# [Task item]
Begin at the line where "귀 염증 반응은 없으나" appears and reproduce exactly every line through the end of the data below, both included, skipping pictures.

Stored dataset items

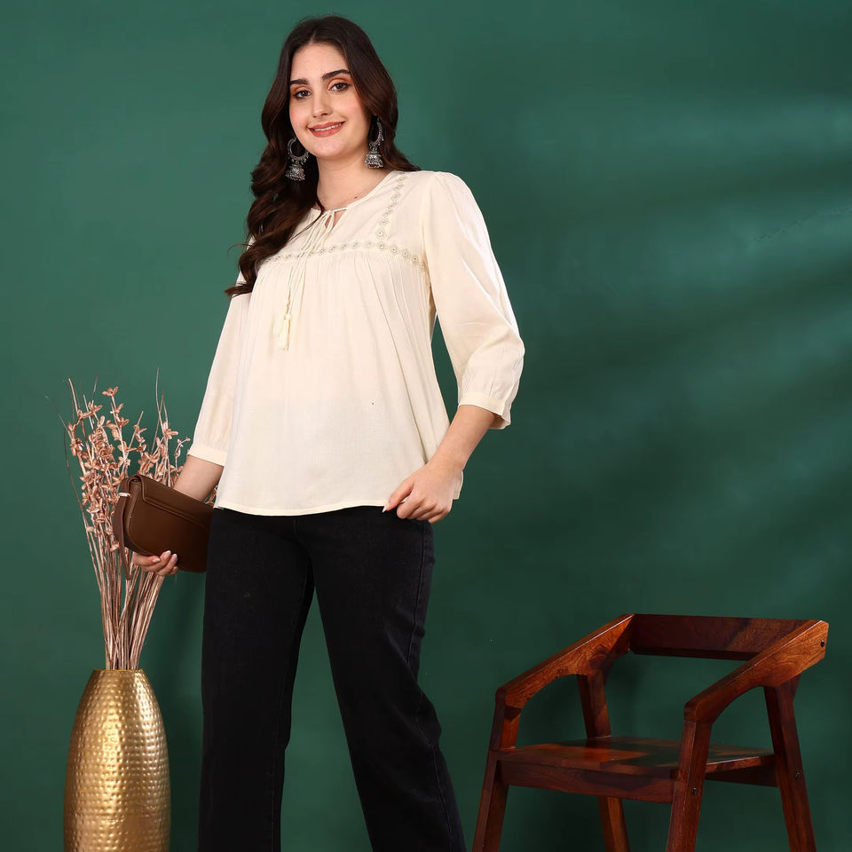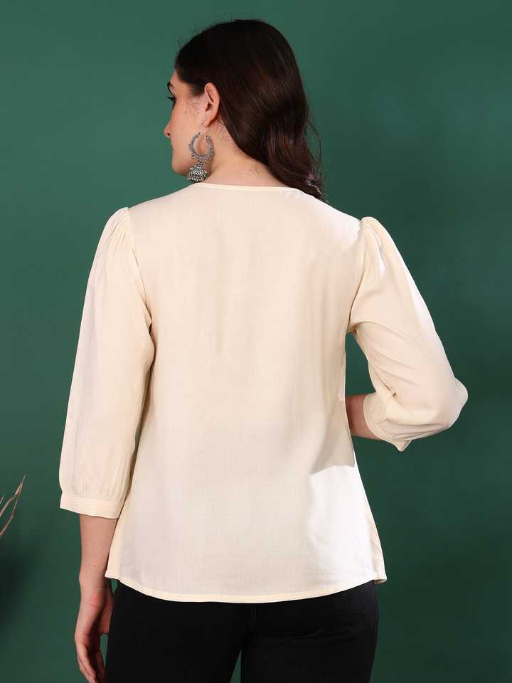 เสื้อท่อนบนผ้าเรยอนสีพีชสำหรับผู้หญิง ทรงปกติ ปักลาย ตกแต่งด้วยแขนสามส่วนและคอรูรูปทรงกุญแจ ออกแบบมาเพื่อการสวมใส่ลำลองแบบสากล
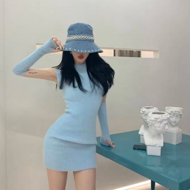 OP-0001 スリーブレス タイト ニット ワンピース ミニ丈 レディース カジュアル シンプル 可愛い ナチュラル お洒落
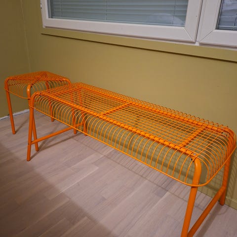 N. 88 cm leveä penkki Jyskistä. Päällä alunperin olleet napit lähteneet kankaasta irti, muutoin moitteeton kunto.
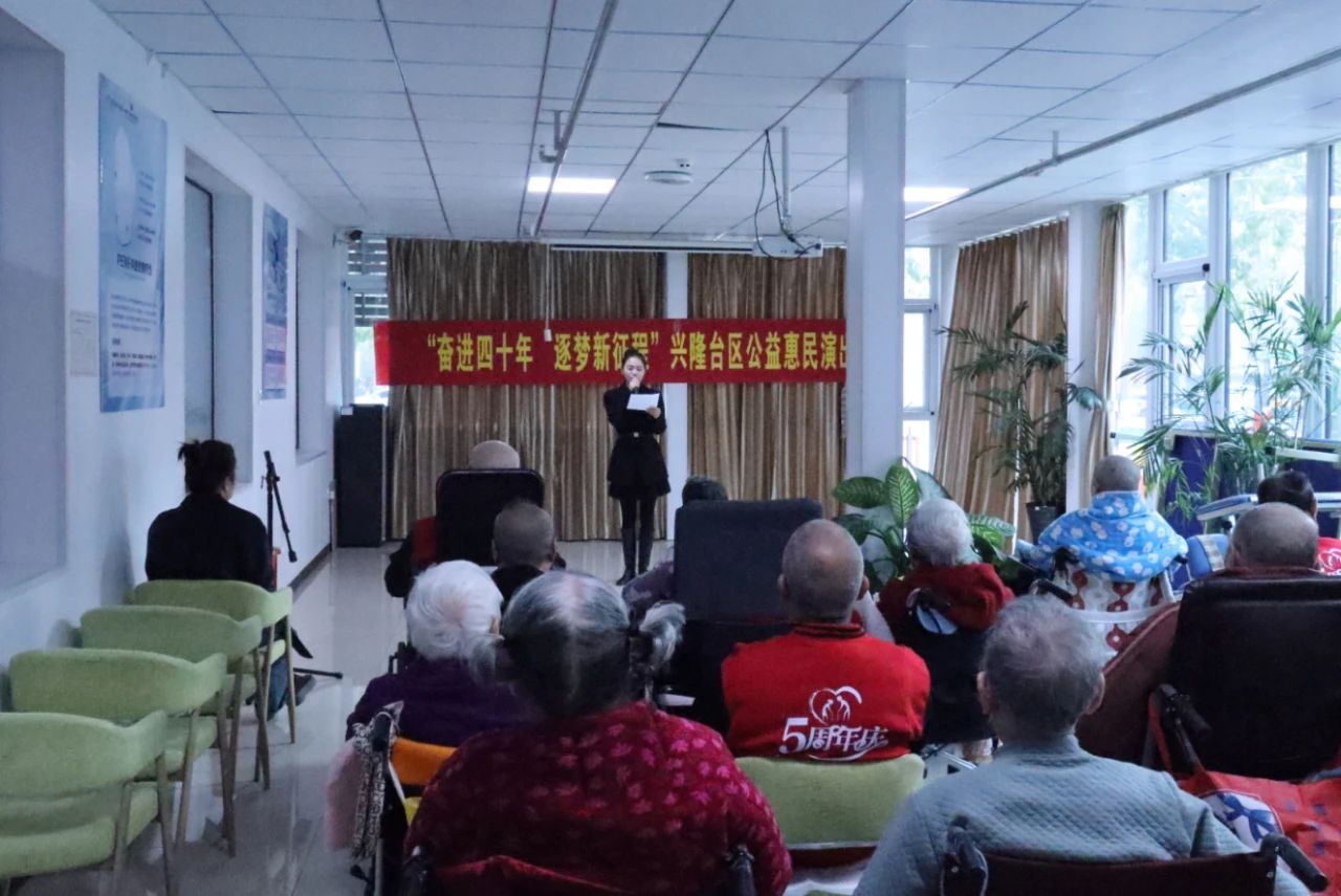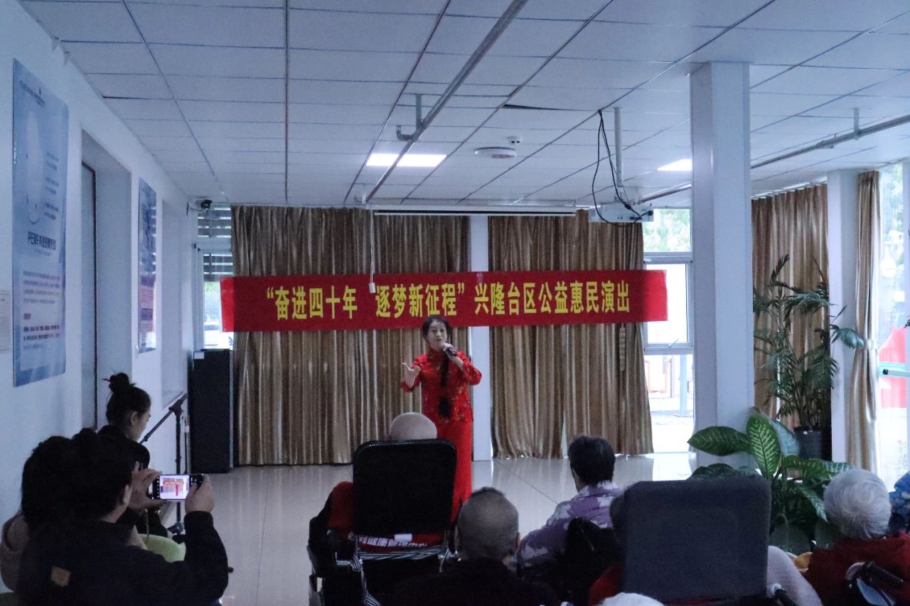 “奋进四十年 逐梦新征程”兴隆台区公益文化惠民演出在胜利社区乐居康养中心举办,活动由兴隆台区民政局、兴隆台区文化和旅游发展服务中心主办;由兴隆台区文化馆、胜利社区乐居康养中心承办。通过群众喜闻乐见的文艺节目,反映新时代火热生活的作品,反映社情民意、和谐大家庭的优秀节目。把党和政府对群众的关怀通过文艺演出的形式送到群众当中,让群众感受的美好生活的幸福感。
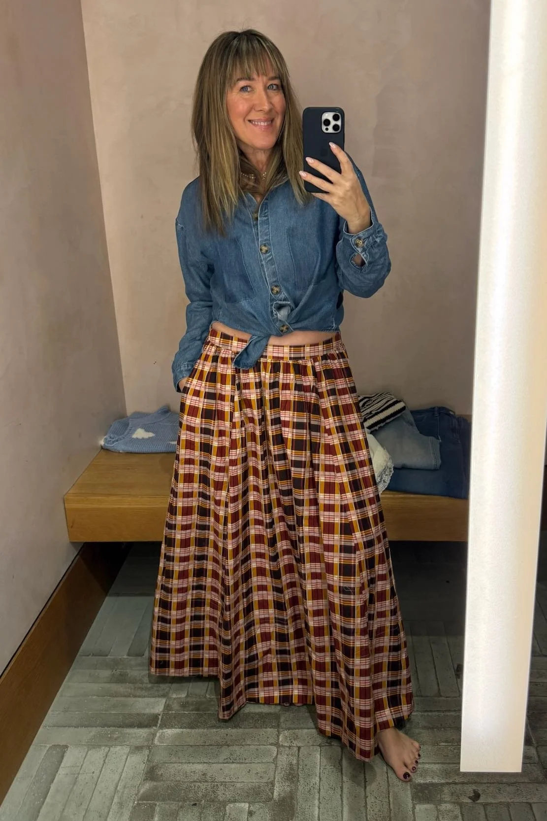 WHAT: The Jacie Printed Poplin Maxi Skirt by Maeve* and Cloth & Stone Shadow Pocket Denim Buttondown Shirt*
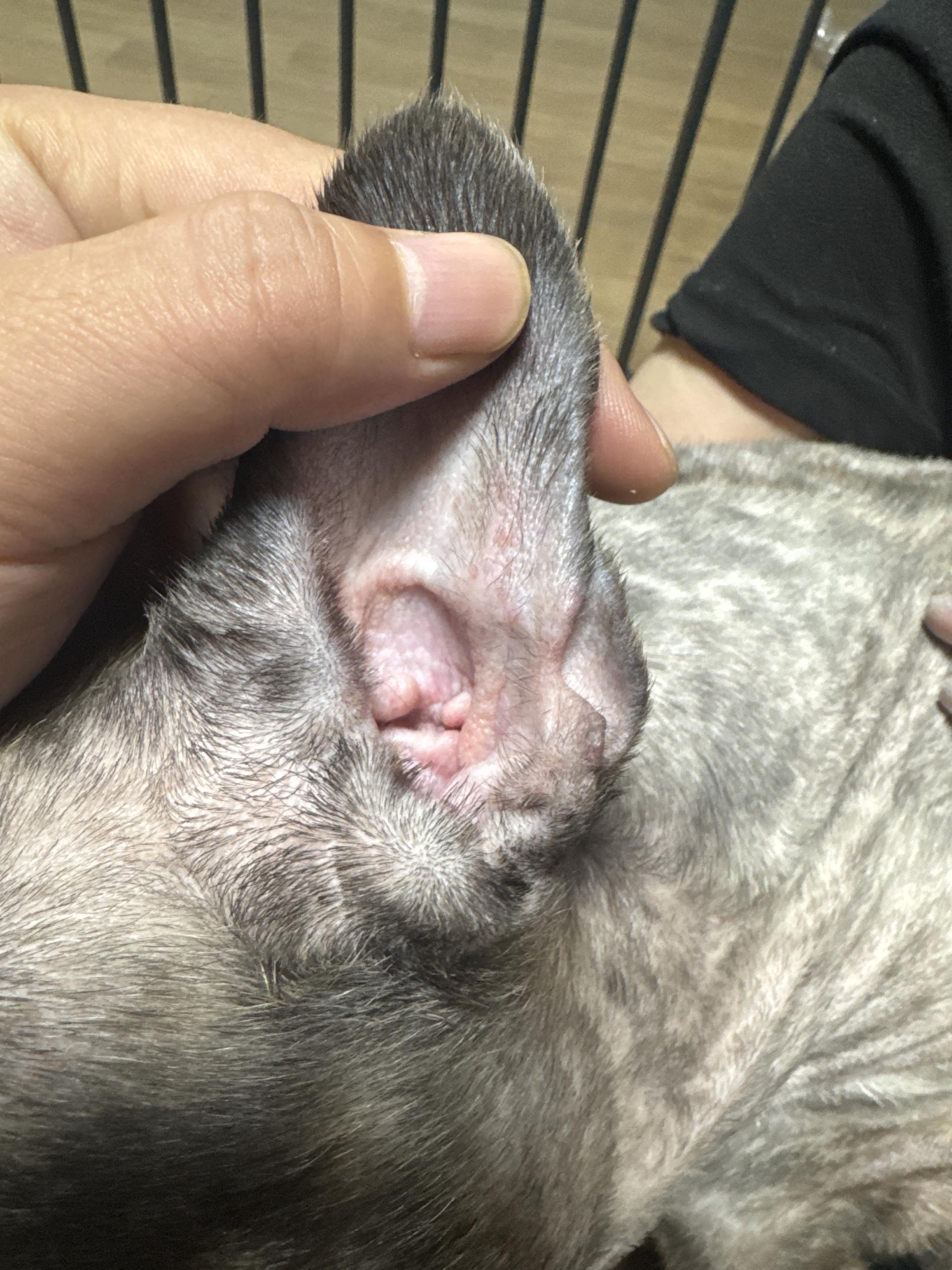 귀 염증 반응은 없으나 일시적인 긁기 행동이 관찰되었으며, 조기 발견으로 상처는 경미한 수준으로 확인되었습니다.
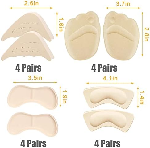 - Paquete Incluye: 8 pares *Forros de Talón, 4 pares de relleno de espuma para la punta aplicado para llenar la punta de los zapatos de tacón alto y 4 pares de almohadilla de antepié, incluyendo negro y beige, una combinación agradable para satisfacer sus diferentes necesidades
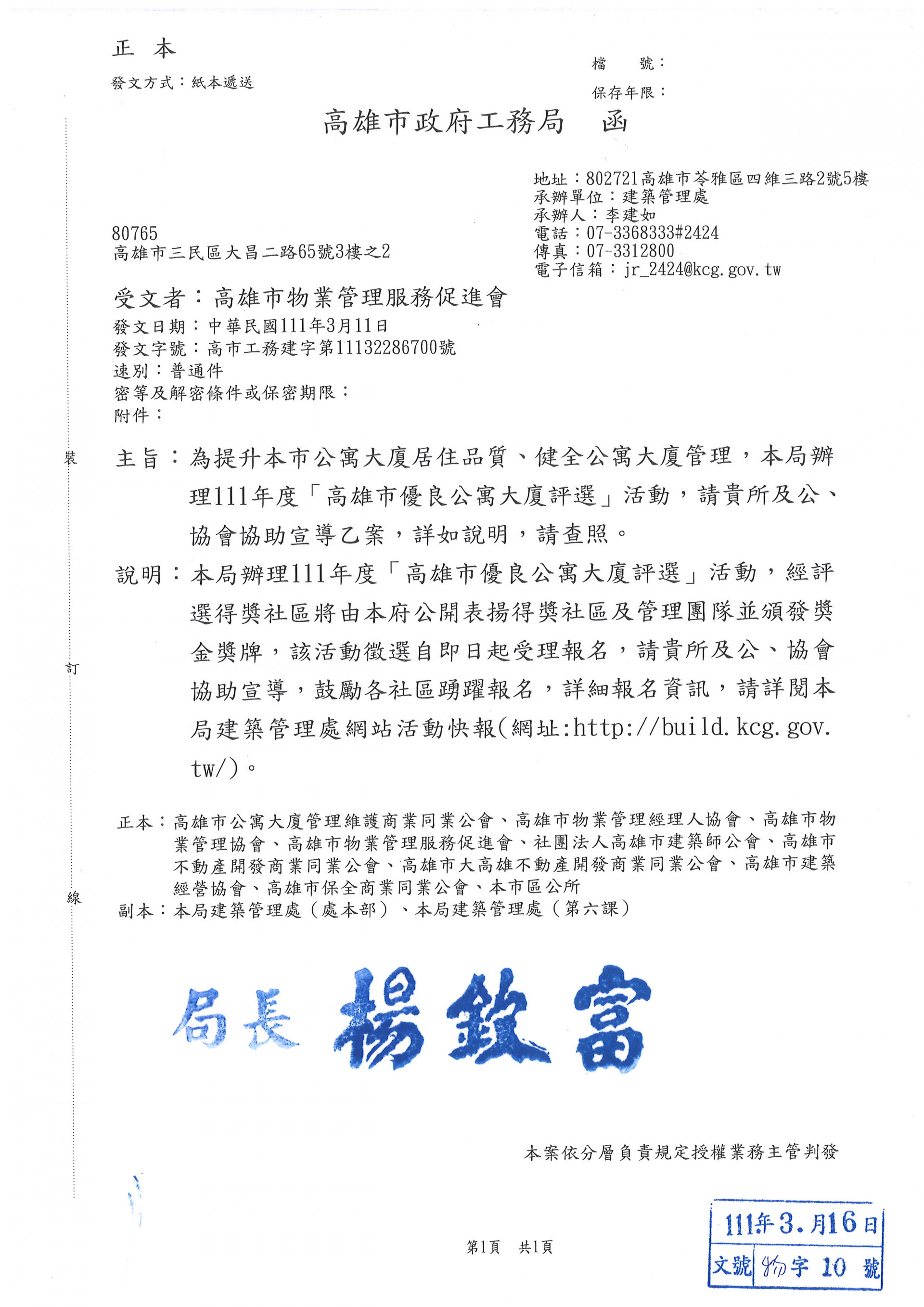 辦理111年度[高雄市優良公寓大廈評選]活動

# [Solution below]
 귀 염증 반응은 없으나 일시적인 긁기 행동이 관찰되었으며, 조기 발견으로 상처는 경미한 수준으로 확인되었습니다.
 - Paquete Incluye: 8 pares *Forros de Talón, 4 pares de relleno de espuma para la punta aplicado para llenar la punta de los zapatos de tacón alto y 4 pares de almohadilla de antepié, incluyendo negro y beige, una combinación agradable para satisfacer sus diferentes necesidades
 辦理111年度[高雄市優良公寓大廈評選]活動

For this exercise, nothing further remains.